Now they used quite a bit of the glue on the side panels, too much to bother with trying to peal the filter material off it so go ahead and cut the filter material and the cardboard off the main part. You should end up with something like this.
Now, cut one of the V’s off.
This is where having a 25″ wide filter was fortunate. Seems like a good width of a filter is about 8″, so trim off the filter material on each end which is not covered by the wire mesh, then divide that length in three (about 7.5″) and cut it. This will give us a filter that is two layers of filter material.
A point about the wire mesh: The videos I found online that use this material, the makers remove the mesh. I tried and it looks like it does too much damage to the filter material, so I didn’t.
Also, ideally you would want the wire mesh on the inside of the fold but in this case, the furnace has twelve double sections, which will give 36 mask filters. I didn’t want to try and refold the wire mesh so that it was on the inside because I worried it might break it and produce a sharp point.
There are sharp points though on the other three sides, so I took a length of electrical tape and covered those sides. You can see that in the picture.

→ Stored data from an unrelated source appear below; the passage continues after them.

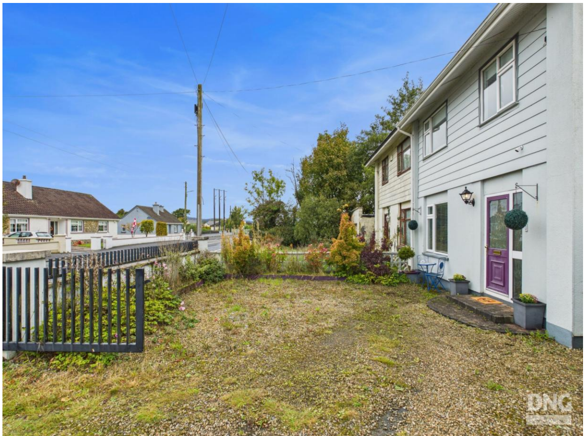
No. 3 Strokestown Road, Ballyleague, Co. Roscommon. N39 DE77
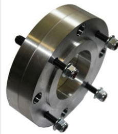
Gas Motor Plate Adapter

Since 2009, we have been supplying portable and stationary pumps for moving all types of oil. Oil cleaning centrifuges are also important tools to re-use oil as fuel or lubricant.
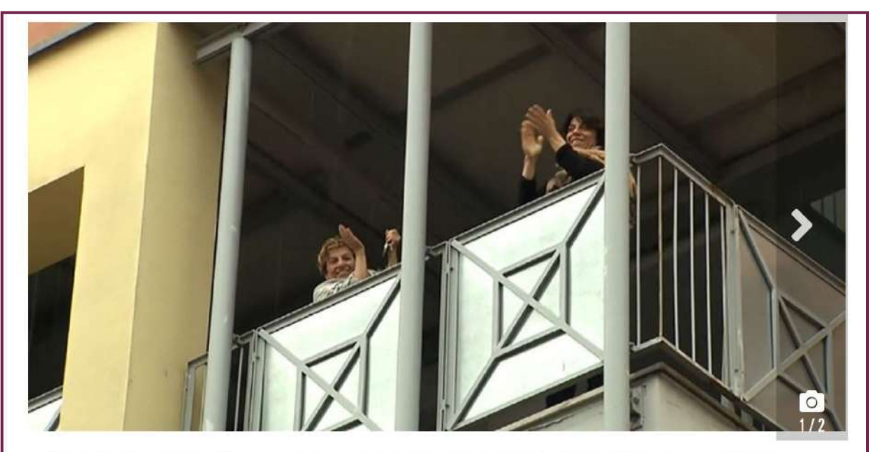
Videos of residents in Italy and Spain stepping out on their doorsteps to applaud their healthcare workers during the COVID-19 pandemic went viral on March 15. People in self-isolation all over the world are adopting the new tradition to show their gratitude to those working hard to end the pandemic.

On March 19, the Registered Nurses Association of Ontario (RNAO) made an announcement asking all Ontarians to help thank and support our nurses, doctors and other health care workers for their ongoing efforts during the COVID-19 pandemic.

It may be that my tape is too old, it didn’t like to stick well. You may want to try other types of tape. All its there for is to protect against sharp points.
There you can see the finished filter elements.
Now lets put the two together into a functional mask.
(yes, I’ve cut my hair.)
First thing is to take the tights and turn them inside out. Pull it over your head, with the waist band at the top.
(sorry this picture is a bit blurry)
Settle it so the elastic band is on your nose, then take one of the filter elements and place it on the mask with the fold at the top.
(it should be a bit higher but don’t worry, it settles once you cover it.)
Take the lower part of the tights, and pull it up and over the filter element.
Then pull the excess up and tuck it under the elastic waist band, pulling it up until the filter element rests at the top of the mask.
Tuck the other material of the tights around your head and into the back and pull out any folds in the front to maximize airflow.
I forgot to take my goggles up with me for the photos.
Now, yes there are some air gaps around the top and bottom. The ones at top should go away once you put your goggles on.
Surprisingly, its pretty easy to breath through. I don’t know if that means I’m not getting much protection or what.
To remove the mask, first unroll the outer layer of the cloth. I would roll it down, rather than push it onto my neck, since the outer layer is contaminated from droplets.
Once the filter element is exposed, remove it and dispose of it. I wouldn’t reuse these unless you were tight on money, though you could heat disinfect as long as you removed the tap.
With the filter element removed, roll the mask up so the outer layer was inside the inner layer, then pull it over your head. That way you shouldn’t contaminate your face.
Wash the fabric layer or chemically disinfect it.
Ok, that’s 36 masks for about $36-40US ($20 for the filter elements and $16 for two pair of tights), or about $1 a mask. Though you could make more filter elements for about 60 cents each after that.
Feel free to change or modify this as needed. And if anyone is good at making videos, please make on of this and put it on Youtube to share.
Thank you so much for this. I am extremely grateful for all your posts, and especially this one! I look for your posts on each topic!
In comments on another forum (FB DIY Masks), concerns were raised about the filter material, especially whether it is fiberglass.
First, I don’t know. The manufacturer says its a “special formulated material”.
I’ve looked around about fiberglass and filters and the best I’ve been able to tell is that fiberglass filters are typically used in cheaper older filters, the kind that are flat. The newer larger pleated filters are usually a treated paper composite.
Also, this design doesn’t have your skin against the filter, but a cloth layer between it and you. Though the knit size is pretty large.
Bottom line, its a question of filter efficiency versus health risks on short term exposure.